(Data entries)
--------------------------------

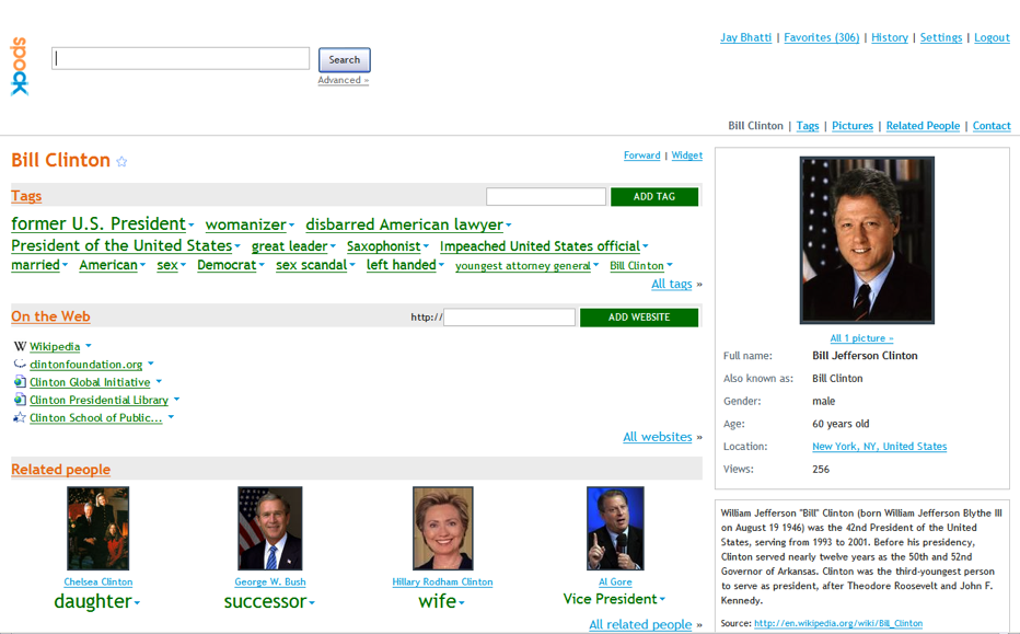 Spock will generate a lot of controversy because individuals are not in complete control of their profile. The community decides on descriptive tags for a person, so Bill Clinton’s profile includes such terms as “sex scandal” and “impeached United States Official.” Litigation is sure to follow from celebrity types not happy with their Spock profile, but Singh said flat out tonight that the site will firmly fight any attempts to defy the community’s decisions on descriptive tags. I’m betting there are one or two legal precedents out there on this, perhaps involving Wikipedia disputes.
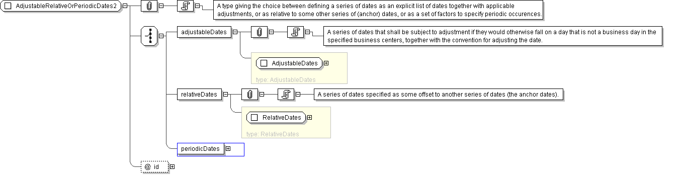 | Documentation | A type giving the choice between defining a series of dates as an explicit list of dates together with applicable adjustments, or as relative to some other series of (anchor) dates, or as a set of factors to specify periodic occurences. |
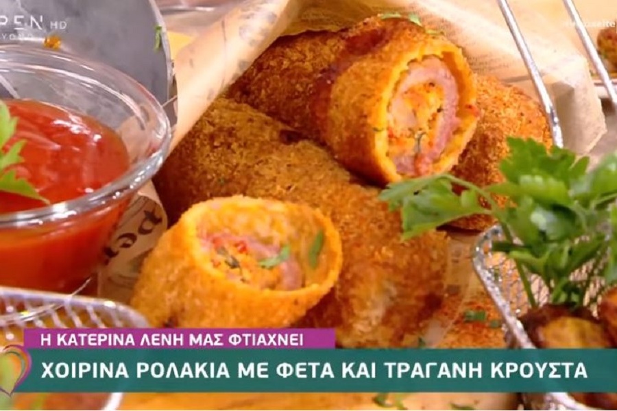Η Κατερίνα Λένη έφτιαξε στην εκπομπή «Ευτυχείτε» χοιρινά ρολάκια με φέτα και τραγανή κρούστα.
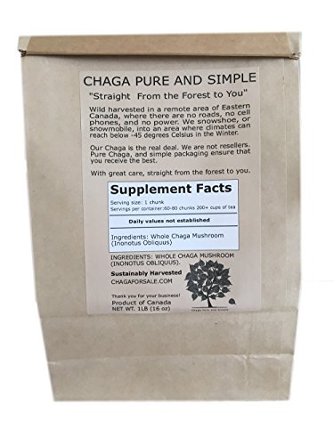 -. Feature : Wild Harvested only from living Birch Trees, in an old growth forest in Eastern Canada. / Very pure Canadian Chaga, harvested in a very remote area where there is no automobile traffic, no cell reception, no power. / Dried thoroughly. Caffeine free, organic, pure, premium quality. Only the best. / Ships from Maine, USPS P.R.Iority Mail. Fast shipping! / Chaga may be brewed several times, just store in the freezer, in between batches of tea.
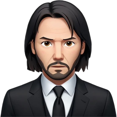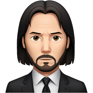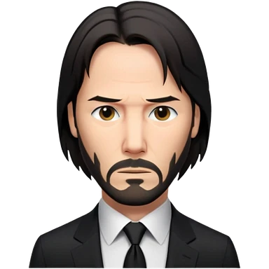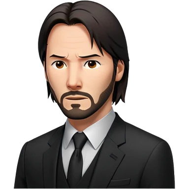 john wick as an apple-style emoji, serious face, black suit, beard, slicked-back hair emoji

--------------------------------

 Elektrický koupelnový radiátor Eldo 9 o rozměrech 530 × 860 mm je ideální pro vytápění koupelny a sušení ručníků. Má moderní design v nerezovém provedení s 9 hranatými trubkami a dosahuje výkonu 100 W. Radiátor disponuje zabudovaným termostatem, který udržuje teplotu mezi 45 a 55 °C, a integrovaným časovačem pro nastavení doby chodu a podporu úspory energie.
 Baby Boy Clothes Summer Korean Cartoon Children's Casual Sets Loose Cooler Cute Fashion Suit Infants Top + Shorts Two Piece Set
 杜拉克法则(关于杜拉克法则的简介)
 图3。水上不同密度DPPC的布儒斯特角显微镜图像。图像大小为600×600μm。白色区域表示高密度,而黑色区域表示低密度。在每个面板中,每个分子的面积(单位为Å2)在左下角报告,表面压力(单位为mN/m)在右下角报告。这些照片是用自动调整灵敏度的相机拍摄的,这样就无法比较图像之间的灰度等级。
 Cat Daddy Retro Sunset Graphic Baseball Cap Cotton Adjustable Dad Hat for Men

--------------------------------

◆ **TASK REQUIREMENTS**:
Could you restate word for word the lines above from the one containing "图3。水上不同密度DPPC的" through the one containing "Cat Daddy Retro", both included, and nothing else?

◆ **WRITTEN RESPONSE**:
 图3。水上不同密度DPPC的布儒斯特角显微镜图像。图像大小为600×600μm。白色区域表示高密度,而黑色区域表示低密度。在每个面板中,每个分子的面积(单位为Å2)在左下角报告,表面压力(单位为mN/m)在右下角报告。这些照片是用自动调整灵敏度的相机拍摄的,这样就无法比较图像之间的灰度等级。
 Cat Daddy Retro Sunset Graphic Baseball Cap Cotton Adjustable Dad Hat for Men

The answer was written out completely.